Automatic instrumentation
Involves using pre-built libraries or agents that automatically capture and send telemetry data without requiring you to modify your application’s code. It is typically used to capture standard metrics like CPU usage, memory usage, request latency, and error rates. This is less flexible than manual instrumentation but much simpler and quicker to implement.
Advantages
-
Fast & Easy Setup: Getting started is often as simple as including an agent in the application's startup command. You can begin collecting a wide range of telemetry data within minutes.
-
No Code Changes Required: The application's source code remains untouched. This is a major benefit, especially for legacy systems, applications with low test coverage, or when you don't have direct access to the code.
-
Standardization: It enforces a consistent baseline of observability across all services and teams in an organization, ensuring that everyone gets a standard set of telemetry.
Disadvantages
The Version Compatibility Nightmare:
-
Framework Version: The agent must explicitly support the exact version of the framework (e.g., Spring Boot 3.1.x) your project uses. If not, it may fail to identify the framework's internal classes and methods.
-
Library Version: The versions of libraries like database drivers or HTTP clients must be recognized by the agent.
-
Language Runtime Version: The agent must be compatible with the Java, Python, or Node.js version you are running.
Demonstration
OpenTelemtry Operator
First, install the OpenTelemetry Operator into your cluster.

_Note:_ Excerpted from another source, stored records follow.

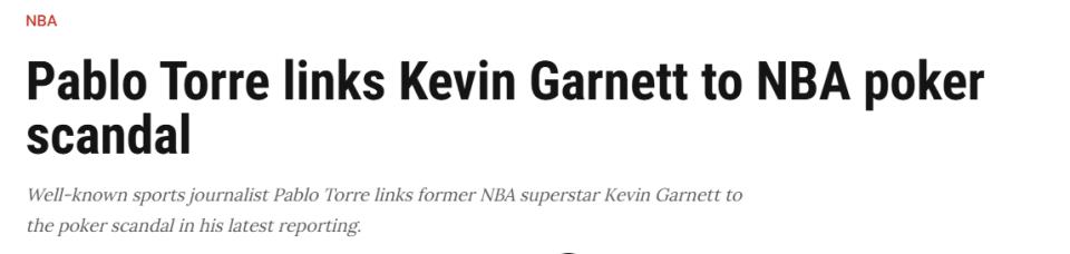On October 25th Beijing time, reporter Torre disclosed that ex-NBA player Kevin Garnett was involved in illegal poker games. Torre had earlier exposed Kawhi Leonard’s suspected contract manipulation.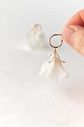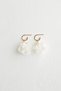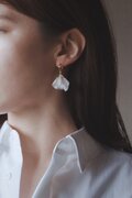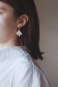 スイートピーをモチーフに、フリルのような透け感が美しい花弁をポリマークレイで表現した耳飾り。立体的な花弁にワイヤーで作ったガクを合わせてちょっとしたアクセントと抜け感を加え、可愛らしさとエレガントさを兼ね備えたデザインに。カジュアルでもオケージョンでも合わせやすく、とても軽いのが魅力です。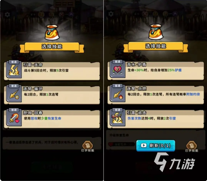 面對(duì)常規(guī)選項(xiàng)時(shí),三個(gè)技能如果都和概率有關(guān),可以刷新技能,也可選含有概率的,不過(guò)最好不要選3次行動(dòng)后消失的技能,即便概率高,但是在初期使用還是比較浪費(fèi)。如果是支線,也可繼續(xù)選擇加攻擊力的。對(duì)于方士和仙人,方士進(jìn)行交易時(shí),簽訂對(duì)自己有利的條約,仙人的恩賜里選擇能附加傷害的,比如連弩附毒。

- opentelemetry-operator-values.yaml
manager:
collectorImage:
repository: ghcr.io/open-telemetry/opentelemetry-collector-releases/opentelemetry-collector-k8s
admissionWebhooks:
certManager:
enabled: false
autoGenerateCert:
enabled: true
helm repo add open-telemetry https://open-telemetry.github.io/opentelemetry-helm-charts
helm repo update
helm upgrade --install opentelemetry-operator open-telemetry/opentelemetry-operator -n monitoring -f opentelemetry-operator-values.yaml
OpenTelemetry Collector
- opentelemetry-collector-values.yaml
config:
exporters:
otlphttp/tempo:
endpoint: http://tempo-gateway.monitoring:80 ## add tempo service address
tls:
insecure: true
prometheusremotewrite:
endpoint: http://prometheus-kube-prometheus-prometheus.monitoring:9090/api/v1/write ## add prometheus service address
target_info:
enabled: true
extensions:
health_check:
endpoint: ${env:MY_POD_IP}:13133
receivers:
otlp:
protocols:
grpc:
endpoint: 0.0.0.0:4317
http:
endpoint: 0.0.0.0:4318
service:
pipelines:
metrics:
exporters:
- debug
- prometheusremotewrite
processors:
- memory_limiter
receivers:
- otlp
traces:
exporters:
- otlphttp/tempo
processors:
- memory_limiter
- batch
receivers:
- otlp
image:
repository: docker.io/otel/opentelemetry-collector-contrib
mode: daemonset
ports:
otlp:
appProtocol: grpc
containerPort: 4317
enabled: true
hostPort: 4317
protocol: TCP
servicePort: 4317
otlp-http:
containerPort: 4318
enabled: true
hostPort: 4318
protocol: TCP
servicePort: 4318
replicaCount: 1
helm repo add open-telemetry https://open-telemetry.github.io/opentelemetry-helm-charts
helm repo update
helm upgrade --install opentelemetry-collector open-telemetry/opentelemetry-collector -f opentelemetry-collector-values.yaml -n monitoring
OpenTelemetry Instrumentation
kubectl apply -f - <<EOF
apiVersion: opentelemetry.io/v1alpha1
kind: Instrumentation
metadata:
name: java-instrumentation
namespace: monitoring
spec:
java:
image: "otel/opentelemetry-javaagent:2.19.0"
exporter:
endpoint: http://opentelemetry-collector.monitoring:4318
propagators:
- tracecontext
- baggage
sampler:
type: parentbased_traceidratio
argument: "1"
** Excluding auto-instrumentation
By default, the Java auto-instrumentation ships with many instrumentation libraries. This makes instrumentation easy, but could result in too much or unwanted data. If there are any libraries you do not want to use you can set the OTEL_INSTRUMENTATION_[NAME]ENABLED=false where [NAME] is the name of the library. If you know exactly which libraries you want to use, you can disable the default libraries by setting OTEL_INSTRUMENTATION_COMMON_DEFAULT_ENABLED=false and then use OTEL_INSTRUMENTATION[NAME]_ENABLED=true where [NAME] is the name of the library. For more details, see Suppressing specific instrumentation.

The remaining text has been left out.